AWS Infrastructure Services (AIS) owns the design, planning, delivery, and operation of all AWS global infrastructure. In other words, we’re the people who keep the cloud running. We support all AWS data centers and all of the servers, storage, networking, power, and cooling equipment that ensure our customers have continual access to the innovation they rely on. We work on the most challenging problems, with thousands of variables impacting the supply chain — and we’re looking for talented people who want to help.
About DC Bridge:
Join the DC Bridge team in pioneering next-generation AI/ML solutions that power AWS's global data center operations.

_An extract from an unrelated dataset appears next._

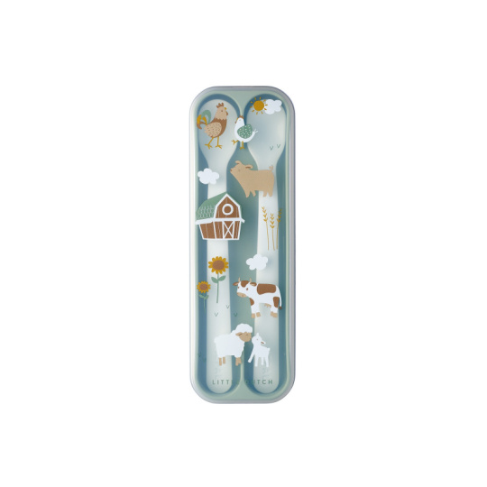 Plastové lžičky s dlouhou rukojetí jsou ideální pro první příkrmy. Mělké a úzké zakončení lžičky usnadňuje krmení miminka, dlouhá rukojeť umožňuje rodiči nabírání příkrmu i ze skleničky bez znečištění rukou. Praktické pouzdro umožňuje hygienické přenášení lžiček např. v přebalovací tašce. Lžičky jsou součástí designové kolekce hraček a doplňků pro děti Little Dutch Farma. Délka lžičky: 14,5 cm Materiál: PP, neobsahuje BPA Možno mýt v myčce. Vhodné pro děti od 4 měsíců.

We're building cutting-edge systems that orchestrate physical work processes across AWS's worldwide data centers, directly impacting millions of customers who rely on AWS services.
Position Impact:
You'll be at the forefront of transforming data center operations through AI/ML innovations, developing intelligent systems that optimize technician workflows, automate decision-making processes, and enhance operational efficiency across AWS's global infrastructure.
Required Qualifications:
• 5+ years of software development experience with proven expertise in Python, Java, or equivalent languages
• Strong background in one or more of:
- Frontend development and UI/UX design
- Platform engineering (SDKs/Frameworks)
- ETL and large-scale data processing
- DC telemetry systems
- Machine learning (specializing in anomaly detection, classification, time series analysis)
- Solution architecture and technical advisory
• Hands-on experience with modern ML frameworks (TensorFlow, PyTorch, SageMaker, Bedrock)

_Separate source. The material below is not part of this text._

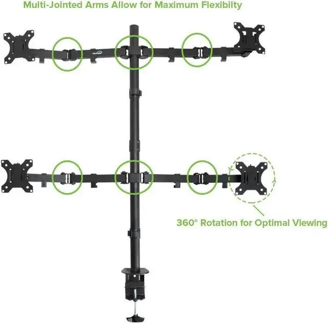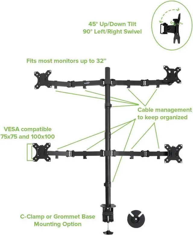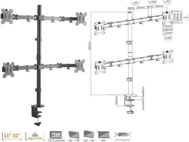 Fits most flat panel monitors from 13" to 32". Supports up to 17.6 lbs for each monitor

• Track record of mentoring and technical leadership
• Excellence in problem-solving and communication
Ideal Candidate Profile:
• Thrives in ambiguous environments and adapts quickly to change
• Demonstrates a scrappy mindset with ability to deliver results in fast-paced settings
• Maintains deep technical expertise while staying customer-focused
• Shows passionate engagement with AI/ML advancements
• Possesses strong understanding of AI/ML technology application (LLMs, agents, RAG, ML models)

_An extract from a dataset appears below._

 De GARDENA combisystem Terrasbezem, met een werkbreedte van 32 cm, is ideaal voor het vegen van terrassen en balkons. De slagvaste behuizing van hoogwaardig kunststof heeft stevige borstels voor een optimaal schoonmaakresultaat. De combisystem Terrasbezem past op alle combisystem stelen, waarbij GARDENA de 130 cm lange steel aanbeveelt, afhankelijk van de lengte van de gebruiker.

• Works autonomously and demonstrates deep problem-solving capabilities
• Balances subtle improvements with disruptive innovation when needed
This role offers the opportunity to shape the future of AWS data center operations through innovative AI/ML solutions while working with cutting-edge technologies at unprecedented scale.
Key job responsibilities
• Lead and architect the development of state-of-the-art AI/ML platforms and solutions, serving as a technical leader for both data center operations and engineering teams
• Own end-to-end delivery of technically challenging projects, including scalable ML frameworks, deployment pipelines, and intuitive interfaces for non-ML experts
• Drive operational excellence by building robust data processing pipelines and ETL systems for DC telemetry data, while identifying and addressing operational challenges early
• Mentor and grow junior engineers, acting as a force multiplier by sharing AI/ML expertise and best practices
• Lead cross-functional collaboration efforts to integrate ML solutions into existing DC workflows, while maintaining highest standards for system extensibility and scalability
• Contribute to and champion improvements in development processes, particularly in the context of ML development and deployment
• Provide technical consultation and architectural guidance to internal customers while insisting on the highest standards for long-term system sustainability
• Design and implement reusable components and tools that enhance team productivity and system reliability
About the team
About AWS
Diverse Experiences
AWS values diverse experiences. Even if you do not meet all of the preferred qualifications and skills listed in the job description, we encourage candidates to apply. If your career is just starting, hasn’t followed a traditional path, or includes alternative experiences, don’t let it stop you from applying.
Why AWS?
Amazon Web Services (AWS) is the world’s most comprehensive and broadly adopted cloud platform. We pioneered cloud computing and never stopped innovating — that’s why customers from the most successful startups to Global 500 companies trust our robust suite of products and services to power their businesses.
Inclusive Team Culture
Here at AWS, it’s in our nature to learn and be curious. Our employee-led affinity groups foster a culture of inclusion that empower us to be proud of our differences. Ongoing events and learning experiences, including our Conversations on Race and Ethnicity (CORE) and AmazeCon (gender diversity) conferences, inspire us to never stop embracing our uniqueness.
Mentorship & Career Growth
We’re continuously raising our performance bar as we strive to become Earth’s Best Employer. That’s why you’ll find endless knowledge-sharing, mentorship and other career-advancing resources here to help you develop into a better-rounded professional.
Work/Life Balance
We value work-life harmony. Achieving success at work should never come at the expense of sacrifices at home, which is why we strive for flexibility as part of our working culture. When we feel supported in the workplace and at home, there’s nothing we can’t achieve in the cloud.